The worst I can remember was during a climatic ship-to-ship battle. I had spent a week statting up a terrifying dual-wielding vampiric sorcerer/fighter (ToB-style abilities to boot) with a crew of the dead (a skeleton crew?). When it was time for the bad guy to take the stage, his first two attacks - a 1 and a 2.

The party fighter then tripped him (a 1 for the vampire's opposed Strength roll) and beat on him, the party wizard blasted him (a 1 for the save) and the party thief sneak attacked him (by this time the thief had a feat that let him sneak attack undead). Being reduced to 0 hp, the vampire went gaseous and attempted to flee below deck to his coffin, only to be dispersed to the four winds by the wizard via gust of wind.

Oh yeah, and with a great roll, the party cleric managed to blast the undead crew to smithereens.
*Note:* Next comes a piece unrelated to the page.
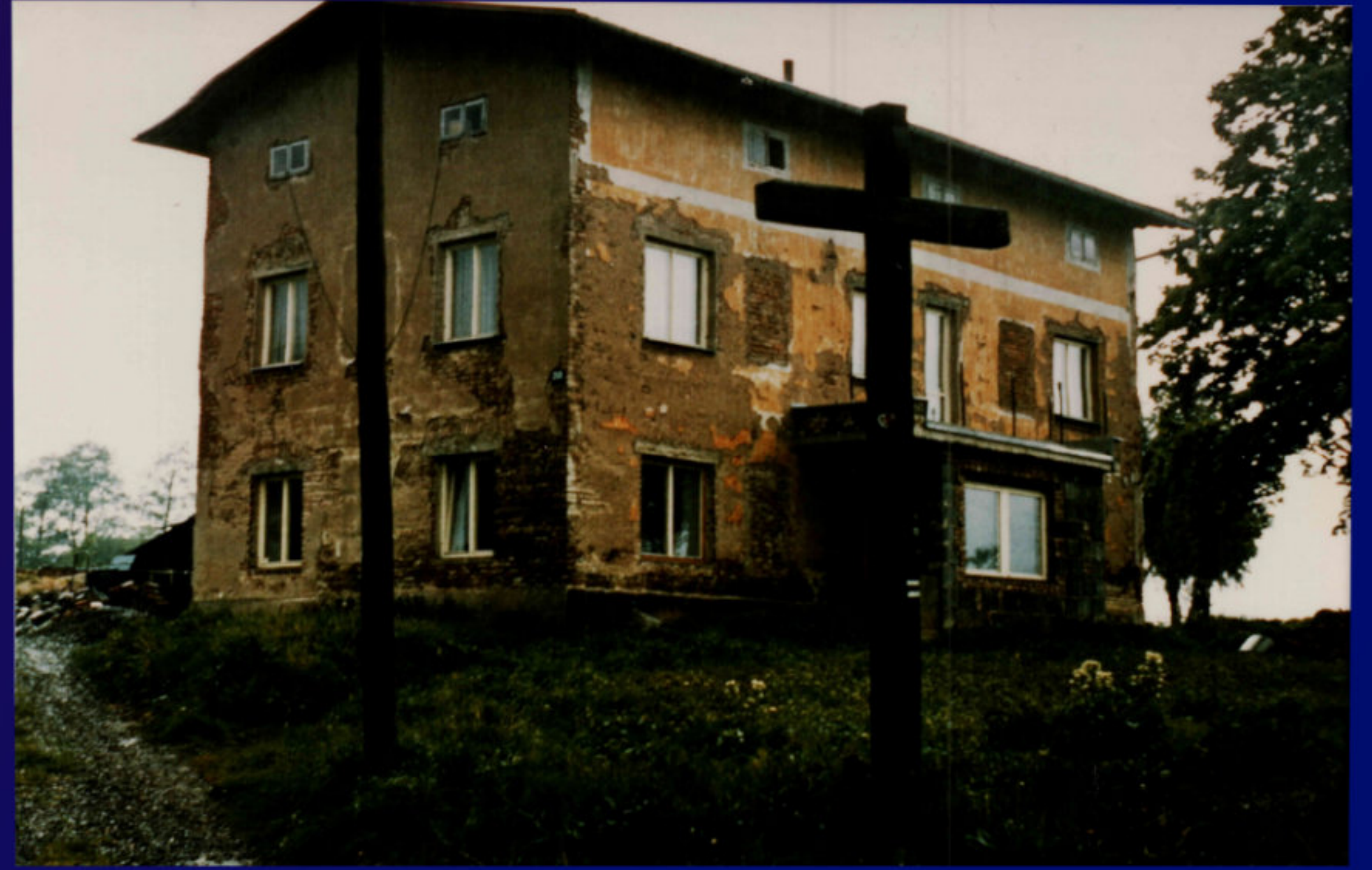
DŮM ČP.250 - 1995

In about 2 rounds, the party took the enemy galleon and no one on the party's side took a hit point of damage.

So I sent 'em to Ravenloft, knowing how I'd roll next session. :devil:
 

john112364

First Post
...and yes, I AM one of the few, the proud, the gamers who have lost a Traveller PC to death during PC generation.

Yup. I did that myself in one of the first attempts at generating a Traveller character. I was more than a little miffed by that.